## INPUT DATA:
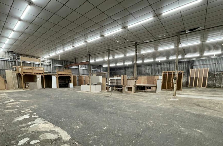 Internally the property consists of an open workspace with steel support beams running down the centre. A suspended ceiling covers the whole floor space and measures approx. 5.42m to its underside. Ground floor office and staff amenities are provided.
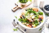 Zdrowa sałatka ze szpinakiem, rukolą, jamonem, gruszką, jagodami i parmezanem na białym tle.
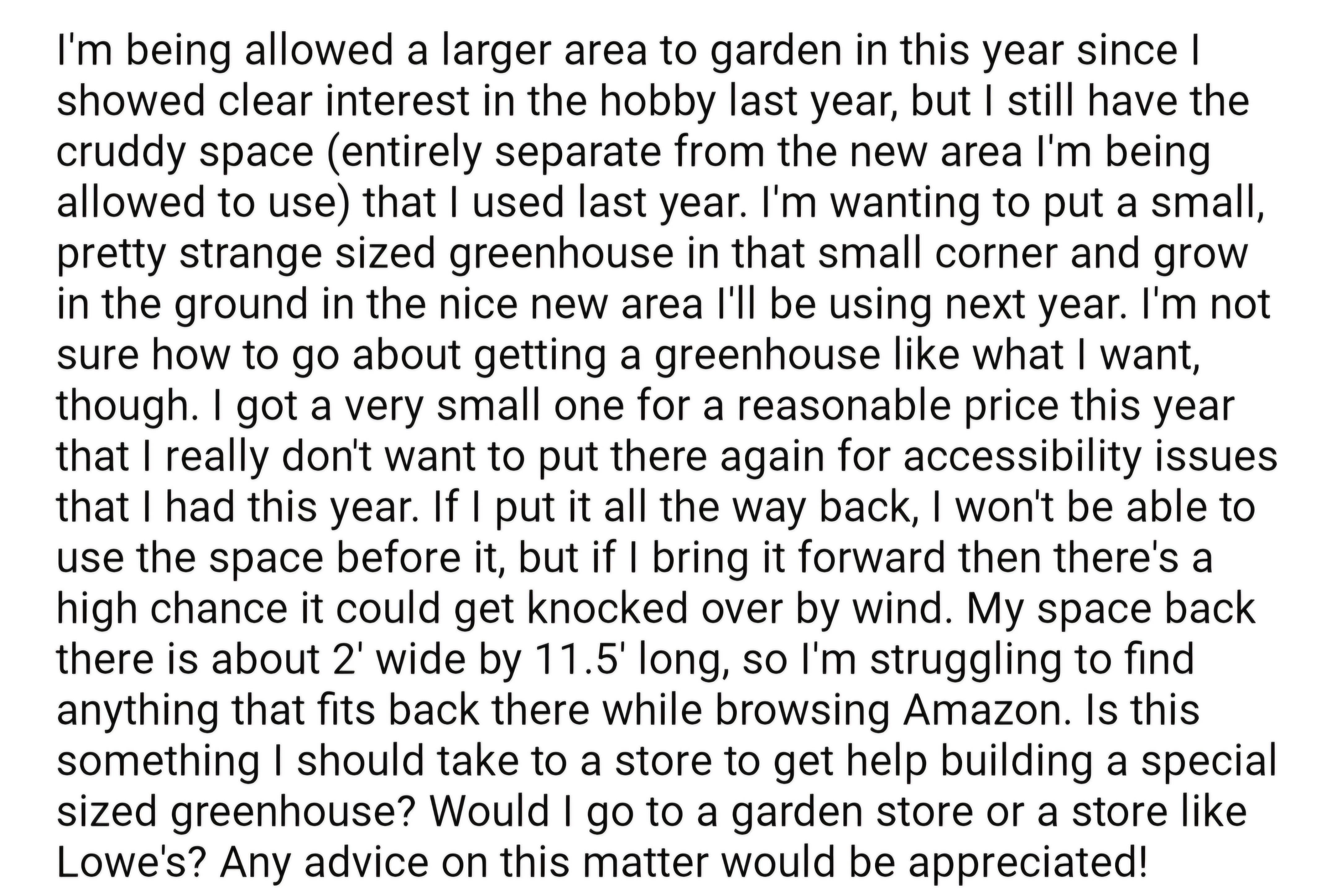 Also, for that size of space, you might look into clear poly row covers — you can get a kit for about 30 bucks that comes with the plastic & hoops. Downside to that is that they aren’t very tall.
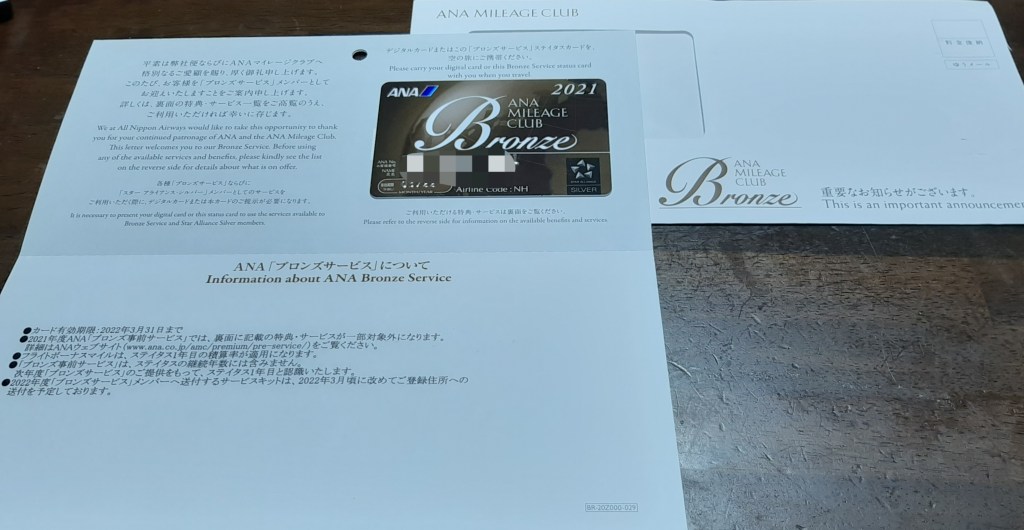 今日、帰宅したらANA MILAGE CLUBより封書が届いていました。
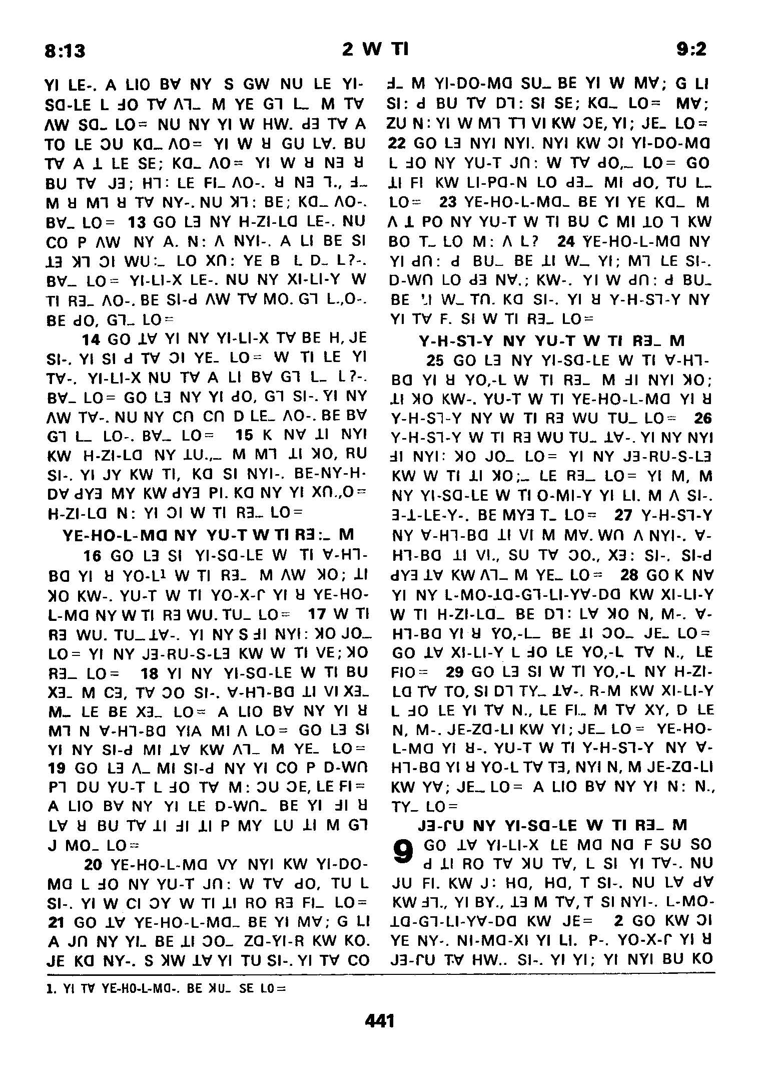 1980年傈僳语圣经全书 列王纪下 8 章 13 节到 9 章 2 节
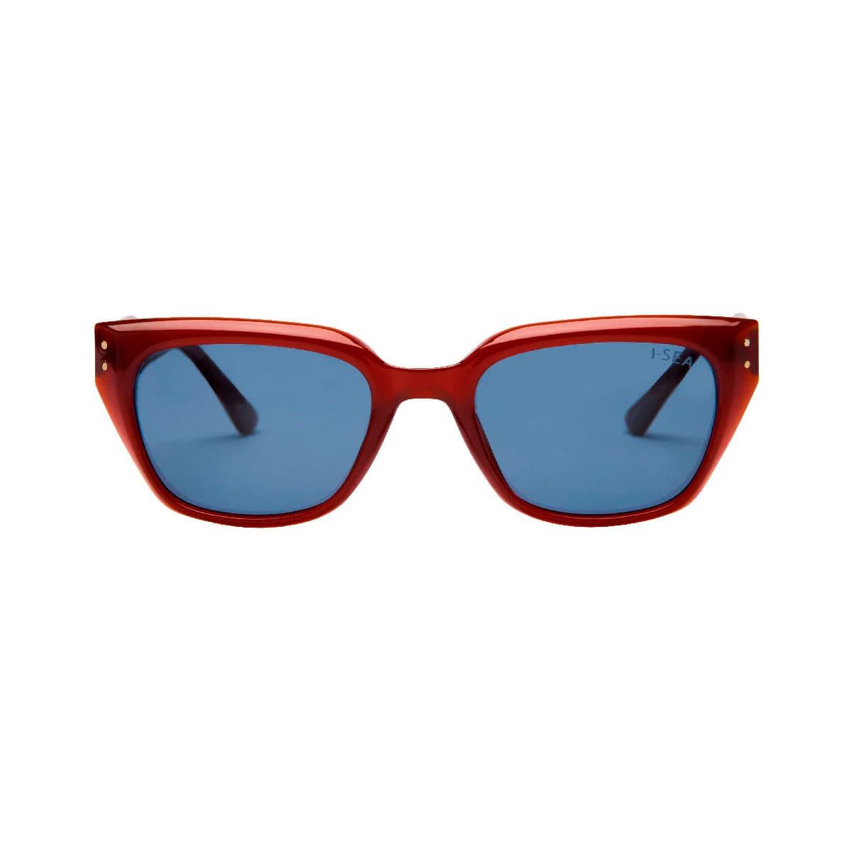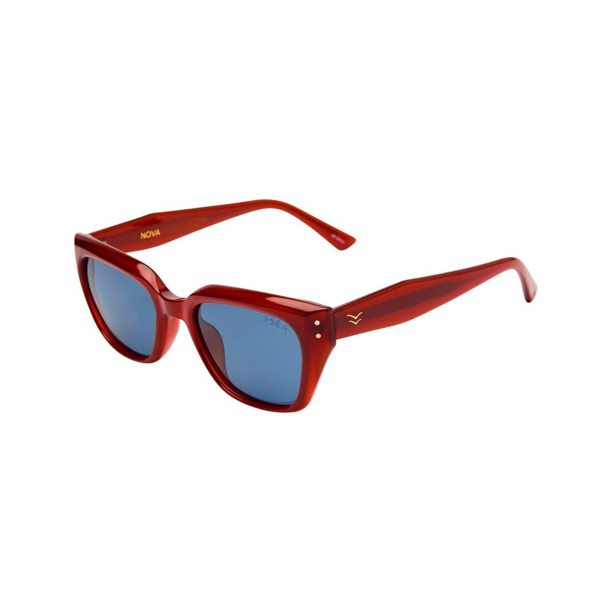 Diseño envolvente, acabado rojo jengibre y lentes polarizadas azul cielo: las gafas I-SEA Nova combinan protección y personalidad para tus días al sol.

## WHAT YOU HAVE TO DO:
Print each record exactly as it stands, leaving the images out.

## ANSWER SECTION:
 Internally the property consists of an open workspace with steel support beams running down the centre. A suspended ceiling covers the whole floor space and measures approx. 5.42m to its underside. Ground floor office and staff amenities are provided.
 Zdrowa sałatka ze szpinakiem, rukolą, jamonem, gruszką, jagodami i parmezanem na białym tle.
 Also, for that size of space, you might look into clear poly row covers — you can get a kit for about 30 bucks that comes with the plastic & hoops. Downside to that is that they aren’t very tall.
 今日、帰宅したらANA MILAGE CLUBより封書が届いていました。
 1980年傈僳语圣经全书 列王纪下 8 章 13 节到 9 章 2 节
 Diseño envolvente, acabado rojo jengibre y lentes polarizadas azul cielo: las gafas I-SEA Nova combinan protección y personalidad para tus días al sol.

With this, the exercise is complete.